Original geschrieben von eleonor

Zitat:

Original geschrieben von tecis

 

Danke Dir fuer den Bericht.

Die wirklichen Jag Probleme haben sich meines Erachtens mit Einfuehrung des XJ 40 der Serie II geloest, um dann wieder beim X 308 der ersten Serie (Nikasil-Beschichtung V8) vereinzelt aufzutauchen.

Deine Worte bestaetigen damit auch indirekt meine Ansicht zum Thema V 12 (egal welches Fabrikat), Vorbesitzer, regelmaessige Wartungsinvestition und (scheinbar guenstiger) Gebrauchtwagenpreis.

Ich glaube, dass man generell einen (nachweisbar) wirklich gut gepflegten 12 Zylinder (unabhaengig vom Baujahr, die werden kurz ueber lang eh nach Zustand verkauft) aus passendem Vorbesitz selten unter 10,000 Euro bekommt, E32 und E38 BMW moegen da eine Ausnahme sein.

Von Jag Kronberg im Taunus (bist du von dort ?) habe ich auch schon mehrfach positive Berichte gehoert.

nun ja- der X308.....da bin ich auch noch auf der suche....wird wohl die ewige suche bleiben. Wenn mir ein top gepflegter XJR 100 über den weg läuft ist er weg vom markt....leider war die letzten 3-4 jahre nichts brauchbares dabei. Aber kommt zeit, kommt rat....und mit etwas glück der XJR 100 ;)

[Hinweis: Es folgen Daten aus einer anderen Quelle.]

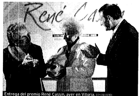
Entrega del premio René Cassin, ayer en Vitoria.
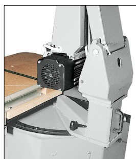
Base del péndulo orientable.
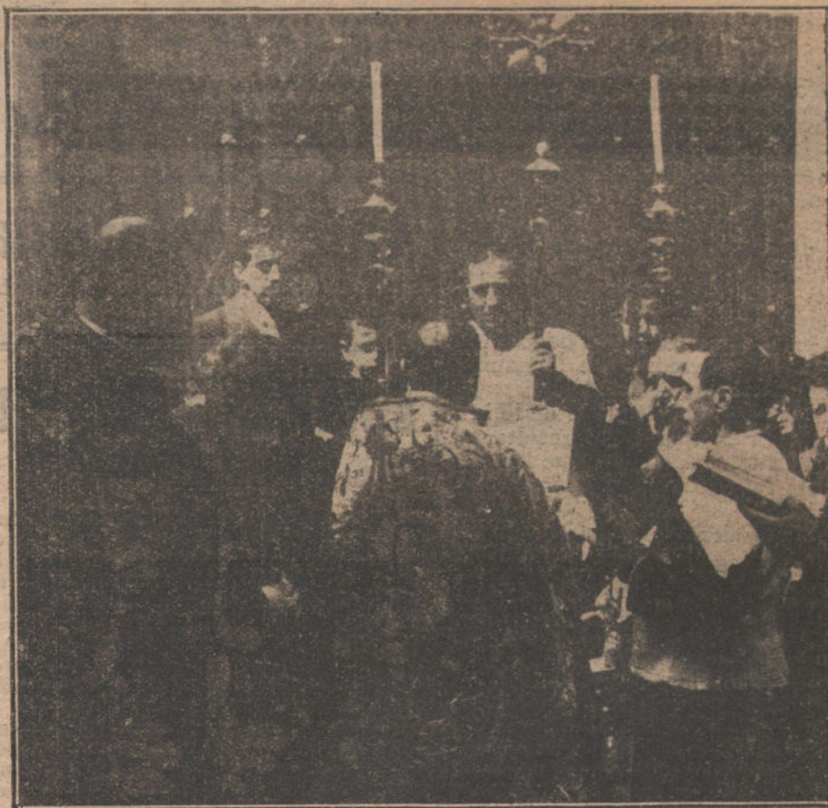
Bendición del templo de la Buena Dicha, cuya inauguración se ha verificado esta mañana.

El gobernador ha dado al molinero orden de que en plazo de doce horas fabrique arroz y sea vendido al precio de tasa, conminándole, en caso contrario, con el cierre del molino.
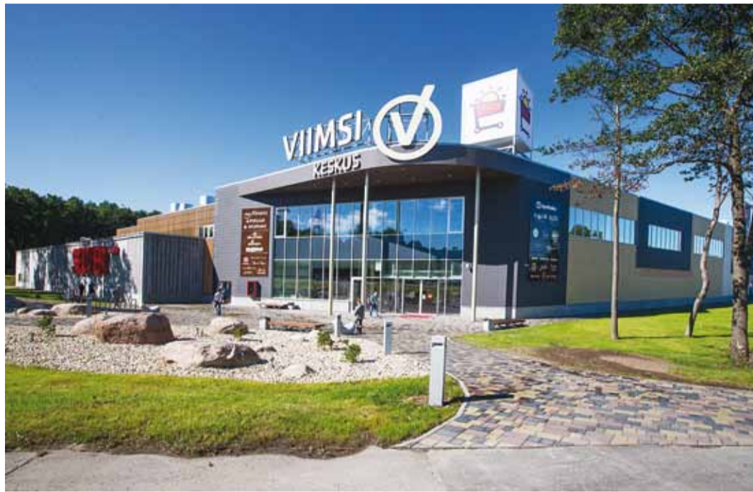
Piirkonna suurim kaubanduskeskus on avatud!

Viimsi Keskuse suurimateks üürikeks on Selver ning spordiklubi MyFitness, ka asuvad seal erinevad söögi- ja meelelahutuskohad, kauplused ja teenuspakkujad. Lisaks leiab mitmeid toitlustuskohti (Hes-
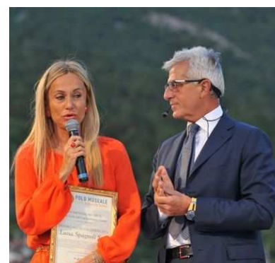
Luisa Spagnoli S.p.a.
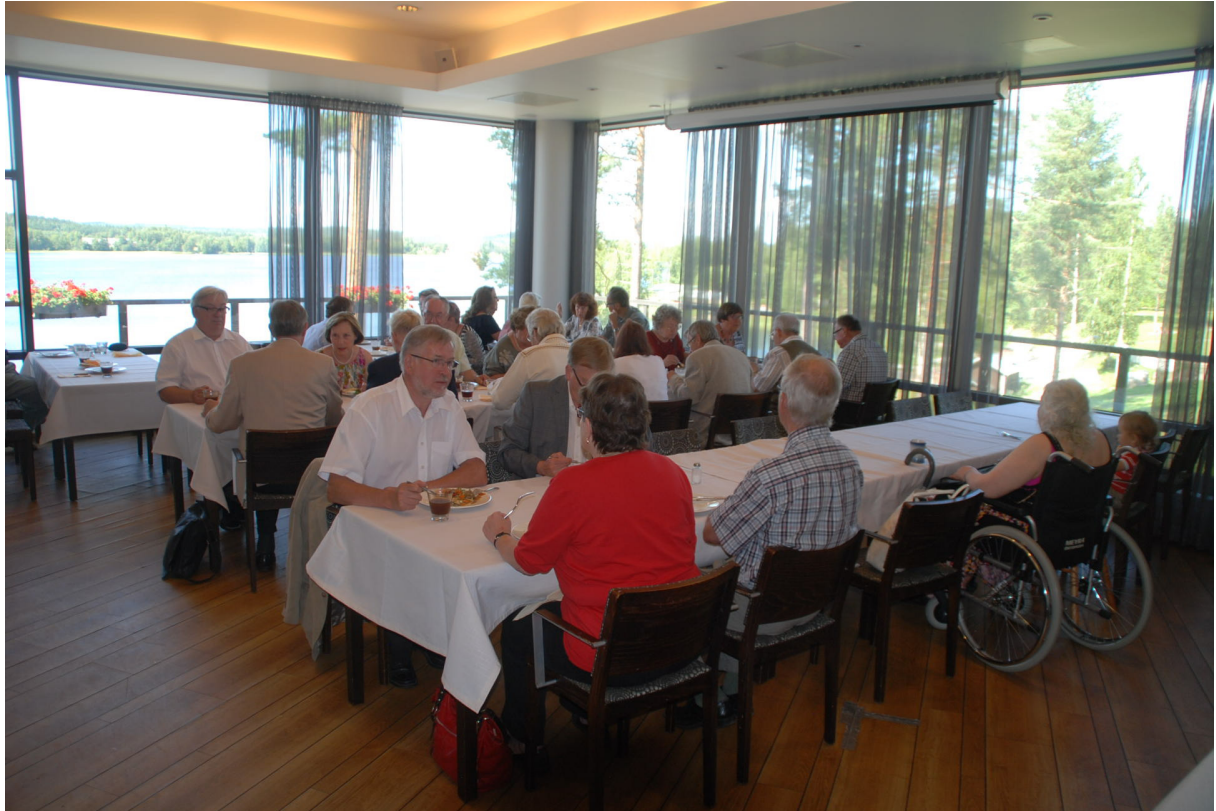
Suvun tapaaminen alkoi Peurungassa yhteisellä lounaalla. Näissä maisemissa Keski-Suomi näytti parhaita puoliaan.
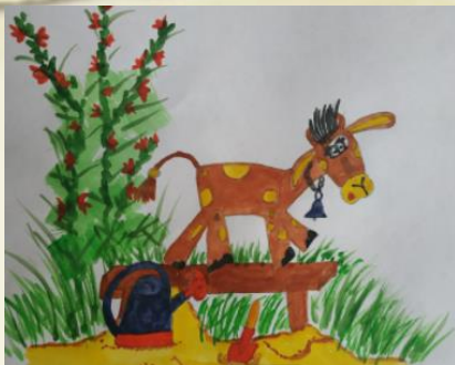
Рисунок Андрея Кудревич
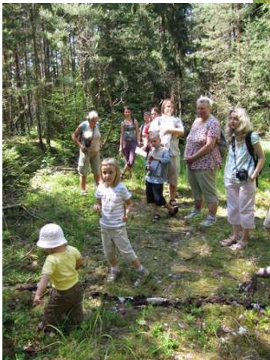
Příroda vrábečských pískoven, 23. června
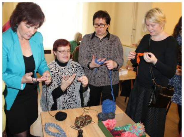
Radošā darbnīca: skaistums bez adatām

Teksts Marta Vasiljeva
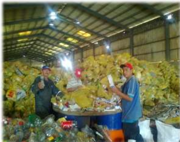
MATERIAL SEGREGADO (29/10/11)
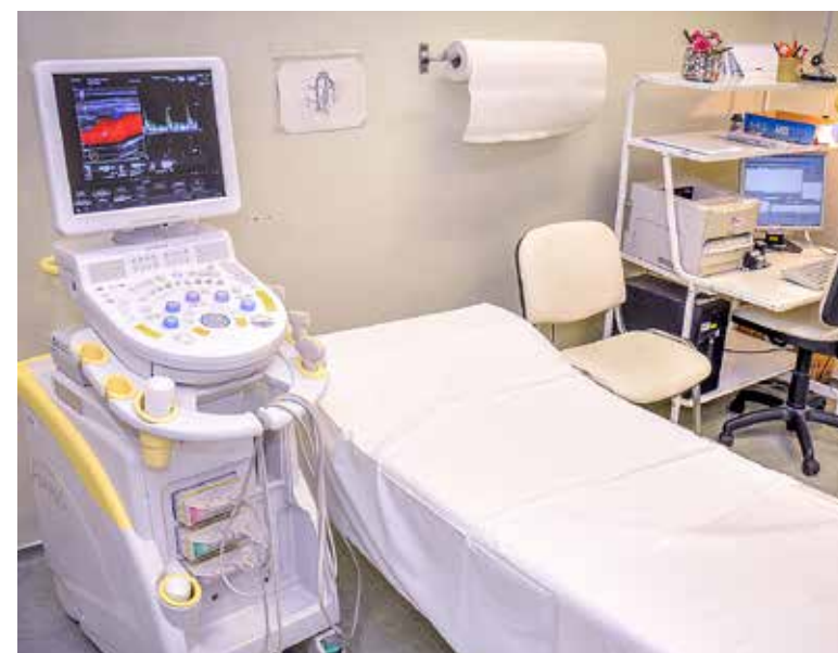
Felső kategóriás ultrahangkészülék az intézetben

alkalmas a hasi szervek és a kismedence, az artériák, vénák és nyaki erek, valamint a lágy részek és az ízületek vizsgálatára – 31 millió forintos saját forrásból szerezte be az intézmény. A 2014-ben szintén önerőből, mintegy 60 millió forintért vásárolt röntgengépet az Ady Endre úti szakrendelőben helyezték

Ich habe bei Jag Kronberg meinen XJS in der Wartung. Die habe ich von bekannten und (Un-)Bekannten aus dem Jag-Club empfohlen bekommen. Die haben eine eigene Abteilung für Jags älteren Baujahrs- und das ist wichtig. Wenn eine Jag-Vertragswerkstatt keinen Meister hat, der schon lange der Marke treu ist und selsbt an den Fahrzeugen damals geschraubt hat (und somit weiss wie sie funktionieren) dann kanns schonmal schwierig werden (so zumindest erfahrungsberichte aus dem jag- club). Viele Jag-Vertragswerkstätten versuchen dich auch abzuwimmeln wenn sie wissen, das sie keinen fachmann für solch ein fahrzeug parat haben. Die Reperaturhandbücher haben sie alle- nur was nutzt das gegen die erfahrung eines Meisters, der die fahrzeuge tatsächlich schon öfter repariert hat;). Ich pers. habe weder mit meinem XJS, noch mit dem DD6 Probleme. Nach heutiger Sicht waren meine Bedenken hinsichtlich des V12 von Jag unbegründet und ich würde meinen XJS heute auch als 6.0L kaufen. Beachtlich ist jedoch der verbrauchsunterschied (was zwar bei den fahrzeugen sicher nicht ausschlaggebend- jedoch doch wahrnehmbar ist)....der R6 braucht nur gut die hälfte an Kraftstoff:D .....aber er hat ja auch nur die hälfte an Zylindern.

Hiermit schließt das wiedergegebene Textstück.